Tuesday, December 2, 2014

Hawaii's war memorials offer a way to learn history and honor the nation's heroes

File:National Cemetery of the Pacific.JPG
National Cemetery of the Pacific
In just five days America will commemorate December 7, that date that President Franklin D. Roosevelt declared a "date that will live in infamy," the bombing of Pearl Harbor by the Japanese, the catalyst for America entering World War II.  In Hawaii the war memorials continue to offer a way to learn history and honor the nation's heroes.

A visit to Pearl Harbor is a must for all visitors to Hawaii, but along with that one must visit the National Cemetery of the Pacific and Fort DeRussy to round out a way to experience beauty mixed with honor and the appreciation of America's history during critical times and the sacrifices great men made.

The older folks of Hawaii still talk about what they were doing when Pearl Harbor was hit unexpectedly by Japanese planes carrying bombs that destroyed virtually the entire U.S. fleet at the time. One of these folks is Constance Yeung who carried her baby in her arms, screaming as she saw the sky light up in the distance, as if the mountains had caught fire. She was standing near the edge of the ocean, between Waikiki and the downtown area, waiting for her friend to pick her up to arrange their trip back to California, as they had just traveled to Hawaii so Yeung could show off her new baby. But the friend never came, and Yeung was to spend many months in the islands in the chaos yet to come.

I learned Yeung's story as one learns from passers by over 28 years I lived in Hawaii. The story of Pearl Harbor has those many personal sides, but so do the other historic sites associated with World War II. One of these sites is Fort DeRussy, part of the Waikiki area tourists wander through but often don't understand how significant a place it has become.

This grand expanse of lawn, monuments, flowers and foliage extends from Kalakaua to the edge of the ocean, hotels looming on all sides. The visitor strolls down walkways in the sunshine, almost always present as Waikiki is the sunny part of the islands. But one must linger for those special moments, because here are memorialized those men who made the ultimate sacrifice.

I knew some of those men of the units still living, members of the 442nd and 100th Japanese military units, as a sub-contractor counselor for the Veterans Administration in Hawaii. These were men of Japanese ancestry who volunteered to fight the Japanese. They were often second generation people, some with families placed in internment camps by a nation fearful that the island Japanese were spies. Some were, but many were loyal American citizens. These sons of America with skin the butter color distinguishing them as different, stood up bravely and said, "I will go" to what for them could often mean terrible cruelty and death. For if caught by a member of the Axis powers, that included Germany, Italy and Japan, they would be tortured badly, having turned against one of their own kind during war. They became the most decorated of all military units during World War II.

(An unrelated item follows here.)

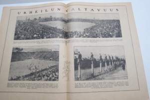Suomen Kuvalehti 1921 nr 38, kansikuva Adolf Lindfors, Presidentti Petsamossa, Veretön sunnuntai, Amerikkalainen jalkapallopeli, Urheilun valtavuus, Muotokuvia, ym.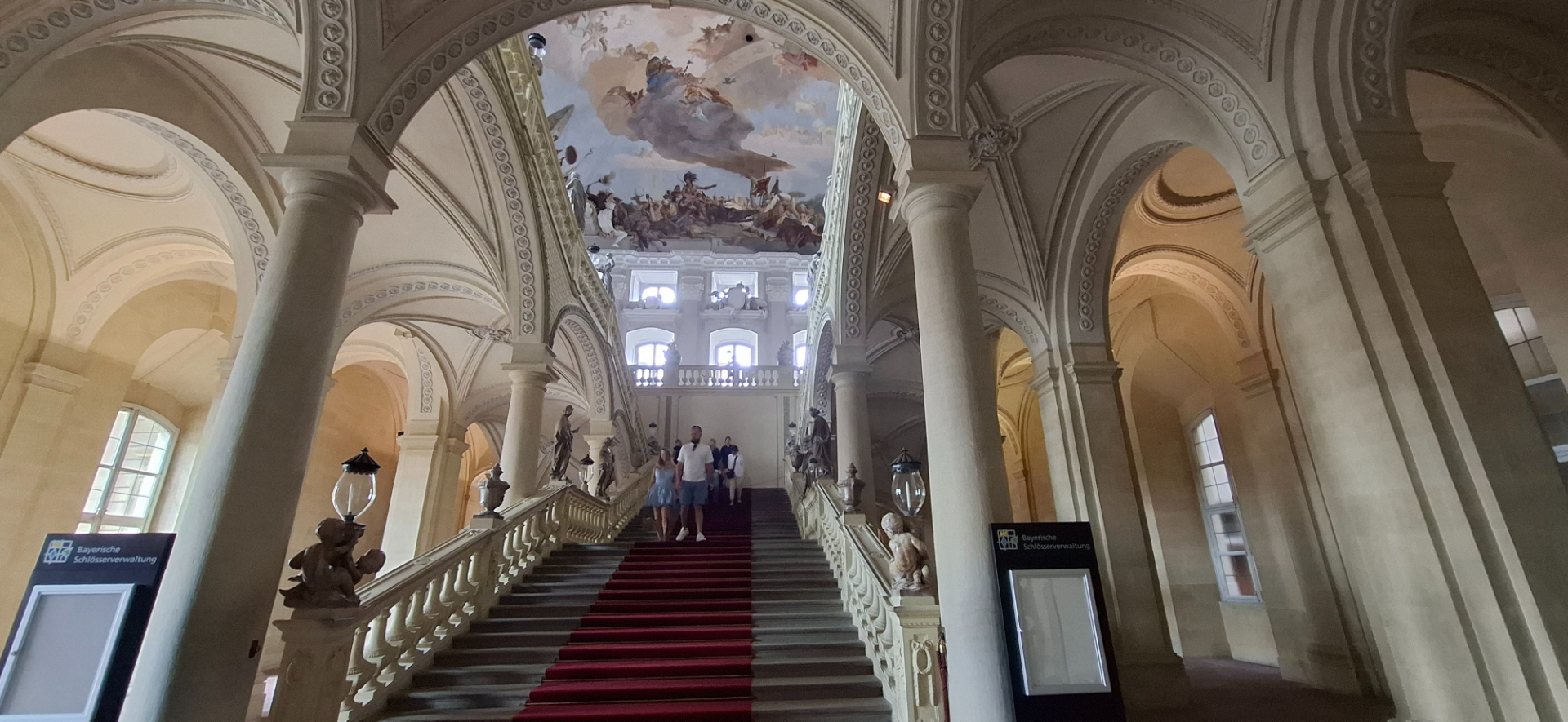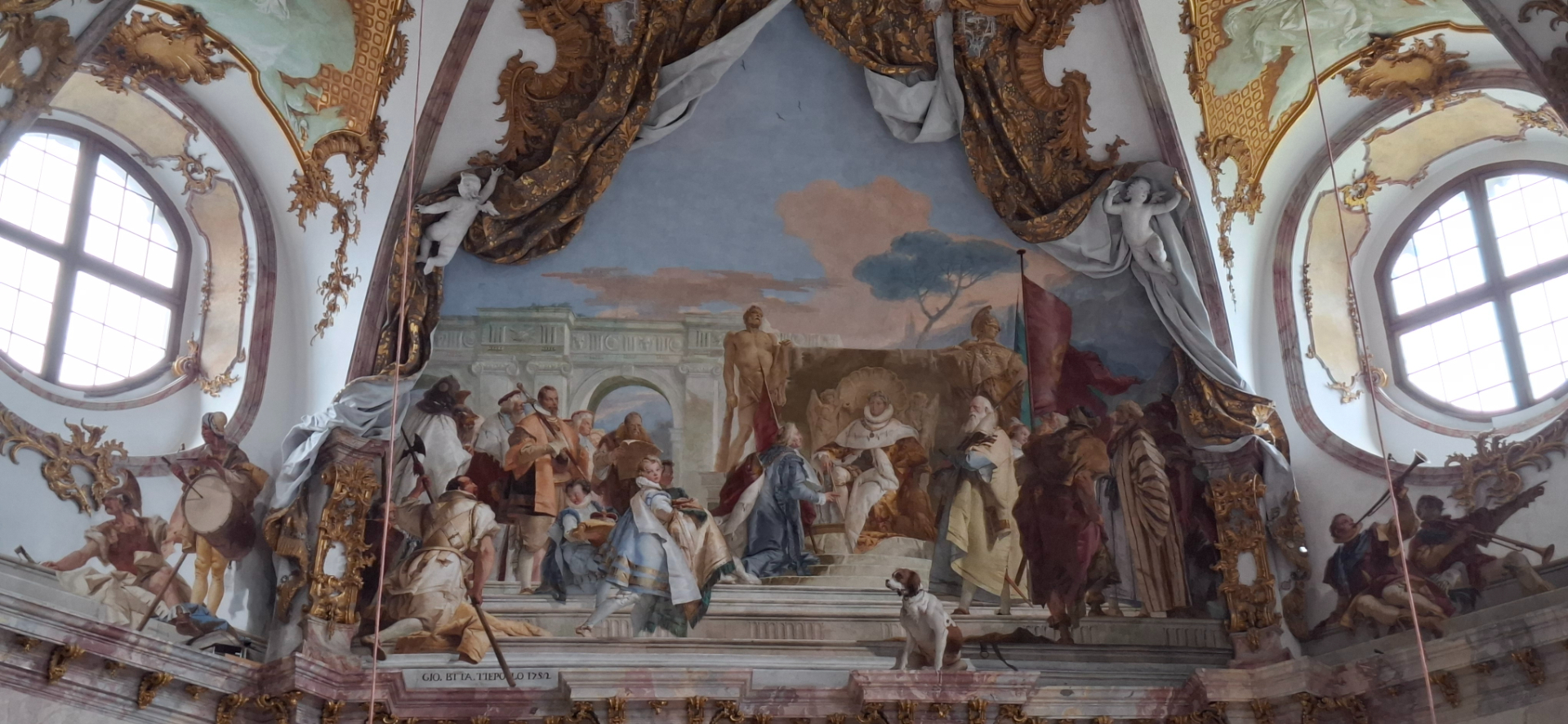 Джованни Баттиста Тьеполо украсил парадную лестницу самыми крупной потолочной фреской в мире. Темой служили фрески над Посольской лестницей в Версальском дворце. На четырех сторонах свода роспись посвящена четырем континентам. Над ними, как сценой служит божественного прoисхождения небо для покровителя муз Аполлона и его спутников. Внизу - царство земного, над которым идеальный, нематериальный мир, в нем правят сладостные музы. А разделяют миры… портрет вюрцбергского епископа в овальной раме, правившего на момент создания потолка. Хозяин - барин. «Дворец этот достоин короля, он мог бы стать подходящим обрамлением даже для императорских приемов, однако всегда оставался всего лишь резиденцией провинциального немецкого епископа, с невероятно амбициозной приходской церковью». На фреске можно увидеть и тех, кто строил Вюрцбергскую резиденцию. Нойман, например, изображен рядом с пушкой, как напоминание об артиллерийском прошлом архитектора, который начинал карьеру простым оружейником.

Bronze plaques now placed near the Kalakaua side of Fort DeRussy speak a few words about these brave men, but words are never enough for men whose deeds were as great as these men did six decades ago. Men are dead or dying, old men, a few still walking among the citizens of Hawaii, modestly never revealing their sacrifices. The visitor thinks of those sacrifices as a walk is taken from the busy Kalakaua down the pathways, winding their way to the beach side hotels, like the Outrigger Reef. One wonders what those survivors among those men memorialized here think too when they walk these winding paths.

The National Cemetery of the Pacific stands like a citadel upon the mountain, Punchbowl and Tantalus there where lovers park and runners climb the hills. It poses on that mountain, majestically surveying everything, like a grandfather looking over a family dutifully. It is here men and women of the Pacific are buried. These people also include those who have sacrificed in war and other ways, like Ellison Onizuka Azuna, one of the astronauts of the Challenger that exploded killing everyone more than 25 years ago.

A visit to Hawaii is not complete for anyone who wants to understand the meaning of what these islands bring to all Americans, mainlander and local alike. The islands are a paradise for sure, but they also represent that far-off place where the history of America was changed and like happened with the bombing of the World Trade Towers will never be the same again. The beauty, history, majesty and memory of Hawaii mingle together at a cemetery high upon a hill, in ships that lay buried by the sea, and the shining walkways of a park that allows one to consider the sacrifices made by those who gave it all.